Why 384? You could get any amount you want, you'd just have to modify the coefficients for row and column accordingly (linear increase with decrease of number per axis).

Imagine if you'd skip every other row and column, the image would still be the same, just lower resolution.

> According to what table? There is no "table below".

CTRL-F environment variables. Click on that.

>A pipette is used to dispense fluid. How does a pipette "encode position"?? Start what computation?

???

The concentrations are determined by row and column, thus encode position.
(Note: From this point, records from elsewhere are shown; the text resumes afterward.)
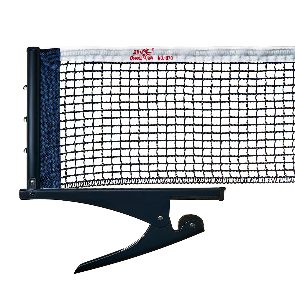 Комплект состоит из сетки для настольного тенниса Double Fish 137 ITTF Approved и двух металлических стоек с зажимами, облегчающими её установку.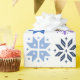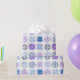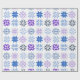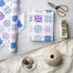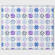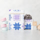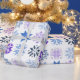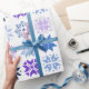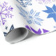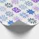 Este papel de envoltura tiene un diseño invernal de diferentes copos de nieve en azul y violeta en filas.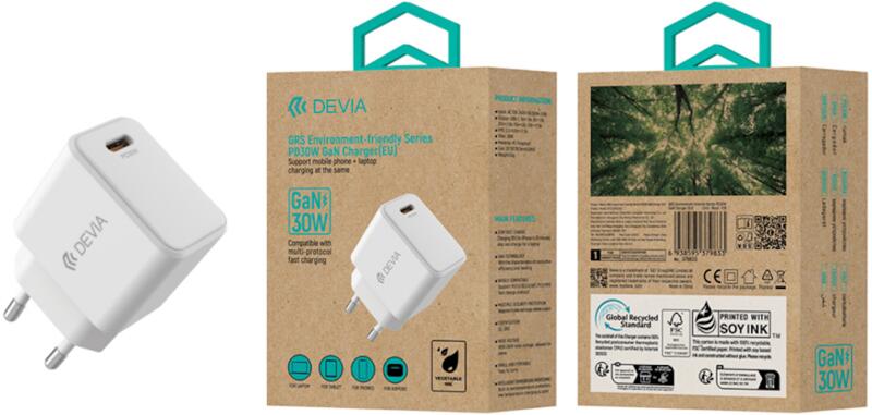 Kategórianév: Töltő Leírás: Kapacitás: 30W Csatlakozó: PD Márka: DEVIA Szín: Fehér Anyag: ABS+PC/Műanyag Ötvözet Méret: Típus: Hálózati GaN Alkatrész (ha alkatrész): Egyéb tulajdonság: Természetbarát Model: Jellemző: PD Gyorstöltés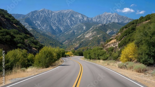 The winding road through the mountains stretches into the distance, offering a perfect setting for a road trip, with breathtaking views along the way.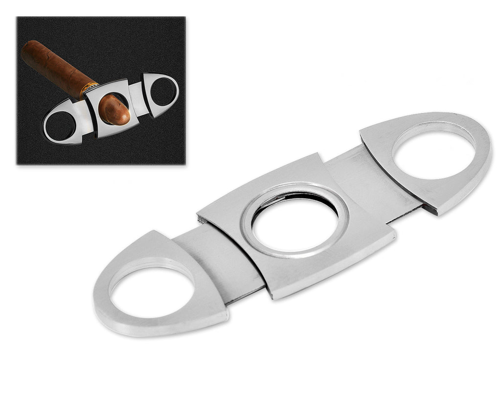 Double Guillotine Stainless Steel Cigar Cutter - Silver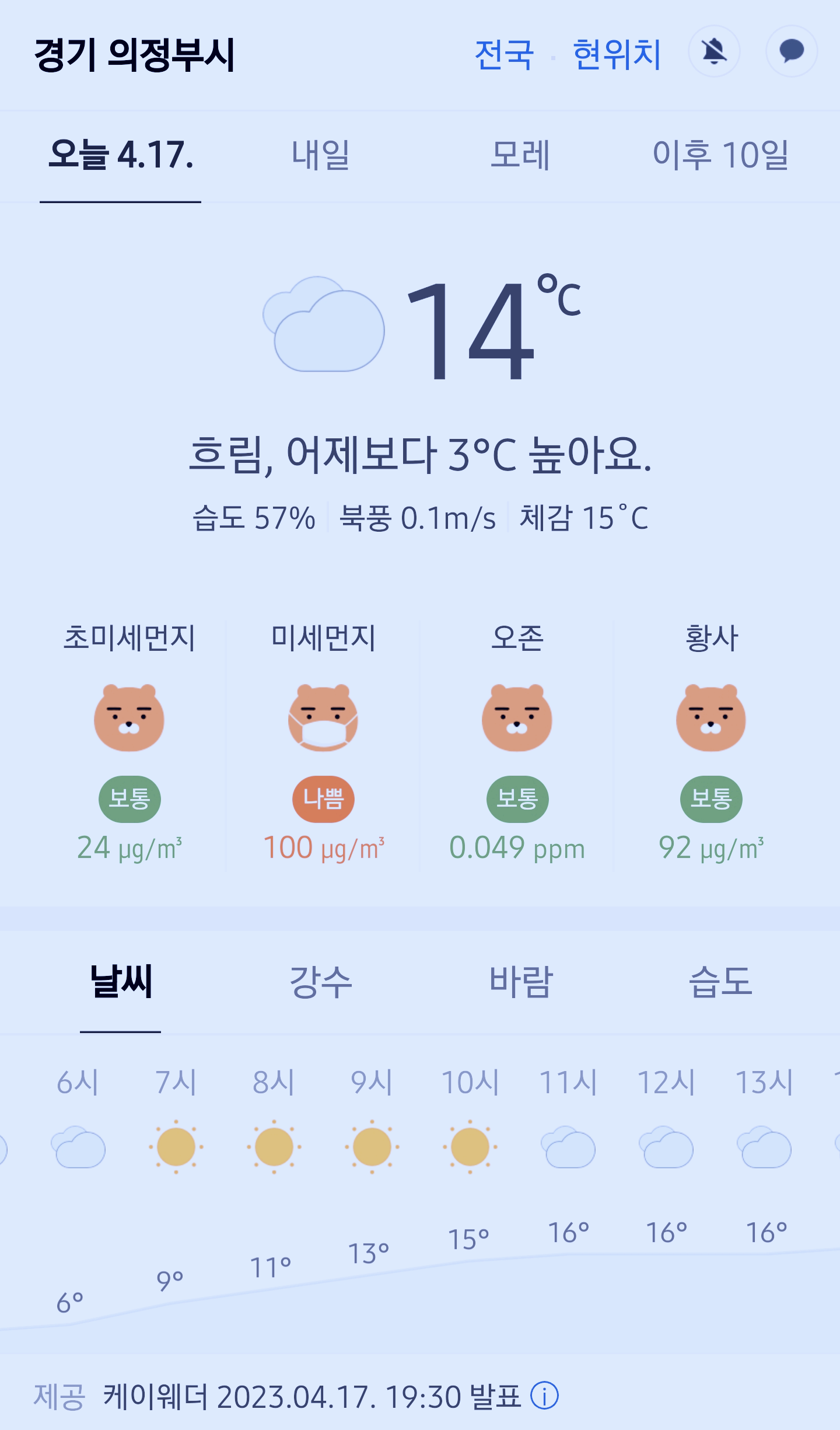 >>>경기도 의정부시 날씨 2023년 4월 17일. 의정부 날씨, 오늘의 날씨, 오늘 날씨, 2023 0417, 초미세먼지, 미세먼지, 황사, 자외선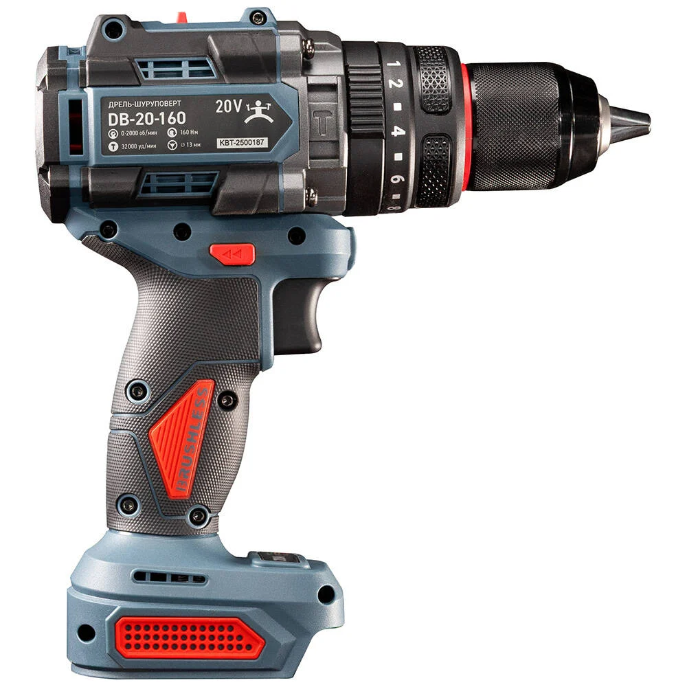 Комплектация Бесщеточная ударная дрель-шуруповерт DB-20–160; Фирменная обрезиненная рукоятка; Паспорт; Картонная коробка; Поставляется без аккумулятора и зарядного устройства

384 well plates (16x24) are one of the “standard” sizes and the densest that a typical lab is likely to have on-hand. The next size up/down (fewer, bigger wells) is probably 96 wells in an 8x12 grid.
Someone should price this out on transcript aka https://strateos.com/ cloud lab...
There was a lot of interest in this field in the late '90s over fears of Moore's Law eventually hitting a brick wall

https://en.wikipedia.org/wiki/DNA_computing

> A pipette is used to dispense fluid. How does a pipette "encode position"??

The illustration shows this relatively clearly: at row N column M, you put N drops of solution A and M drops of solution B.

> A pipette is used to dispense fluid. How does a pipette "encode position"?? Start what computation?

This is shown in the picture; you put X drops of one fluid and Y drops of a different fluid, where (X, Y) is the position of a given test tube.